> Records excerpted from a collection
=-=-=
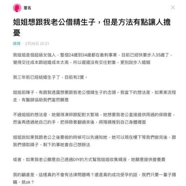 誰知原PO姐姐日前突然提議想和妹夫「借精生子」,她心想若是按照醫生建議流程當然不是問題,結果姐姐認為凍卵和配對過程太繁瑣,想直接拿妹夫用過的套套「反過來推到自己體內」藉此受孕,或者靠妹夫自己DIY收集精.液,到手她會自己想辦法。
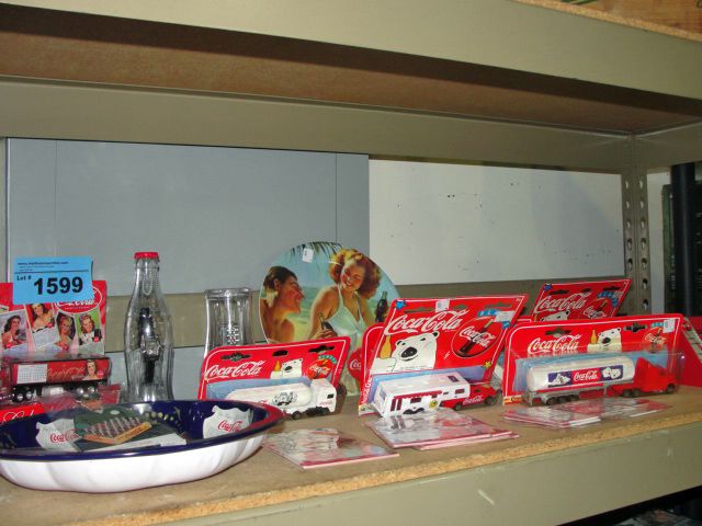 Shelf lot of coca cola collectables
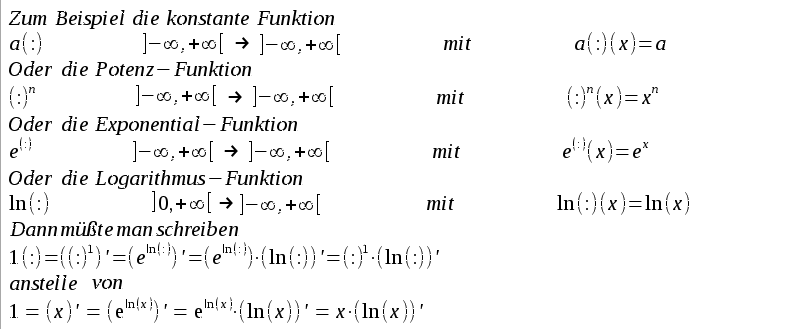 | Anschaulich ist es einleuchtend daß es solche Funktionen gibt. Aber in der Mathematik braucht man konkrete Beispiele: |
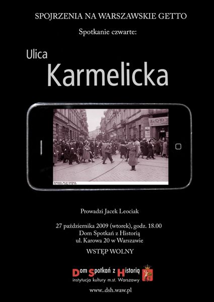 Dom Spotkań z Historią (ul. Karowa 20 w Warszawie) zaprasza na spotkanie p.t. Ulica Karmelicka w cyklu "Spojrzenia na warszawskie getto".
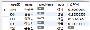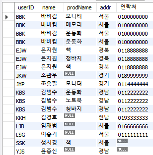 SELECT u.userID, u.name, b.prodName, u.addr, CONCAT(u.mobile1, u.mobile2) AS '연락처'
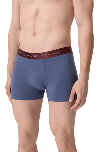 Боксеры с логотипом Megalogo на широкой резинке входят в экологичную линию Armani Sustainability Values. Для пошива облегающих трусов использовали органическое хлопковое джерси с добавлением эластана.
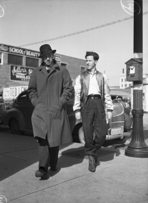 Defending heavyweight champion Aubrey Poole, of Houston, Texas, shown walking on a sidewalk with Jimmy Hensley, Houston, Texas, welterweight champion, as the boys headed for the Fort Worth Club to weigh-in for the state Golden Gloves tournament to be held at Will Rogers Memorial Coliseum. Poole is wearing an overcoat and a hat. Hensley is wearing a collared shirt, trousers and a letterman jacket. Behind them is an automobile parked on the side of the street.
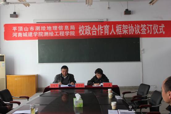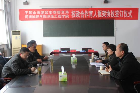 (通讯员 卫柳艳)3月10日下午,围绕校政合作育人、服务测绘地理信息事业和满足产业发展需求,平顶山市测绘地理信息局与威廉体育williamhill测绘工程公司在威廉体育williamhill会议室签订了校政合作育人框架协议。市测绘局局长郭秋敏、公司党总支书记吕鹏飞等出席了协议签订仪式。仪式由吕鹏飞书记主持。
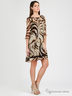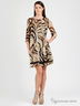 Воздушное платье приталенного кроя с круглым вырезом горловины и рукавом 3/4. Застегивается на пуговицы спереди, низ изделия дополнен воланом, на полочке простроченные складки. Декорировано оригинальным принтом. Придаст вашему образу женственности и романтичности.
=-=-=
The output is the stretch above from the line with "Боксеры с логотипом" through the line with "Defending heavyweight champion", copied word for word with both ends kept and every picture dropped.

 Боксеры с логотипом Megalogo на широкой резинке входят в экологичную линию Armani Sustainability Values. Для пошива облегающих трусов использовали органическое хлопковое джерси с добавлением эластана.
 Defending heavyweight champion Aubrey Poole, of Houston, Texas, shown walking on a sidewalk with Jimmy Hensley, Houston, Texas, welterweight champion, as the boys headed for the Fort Worth Club to weigh-in for the state Golden Gloves tournament to be held at Will Rogers Memorial Coliseum. Poole is wearing an overcoat and a hat. Hensley is wearing a collared shirt, trousers and a letterman jacket. Behind them is an automobile parked on the side of the street.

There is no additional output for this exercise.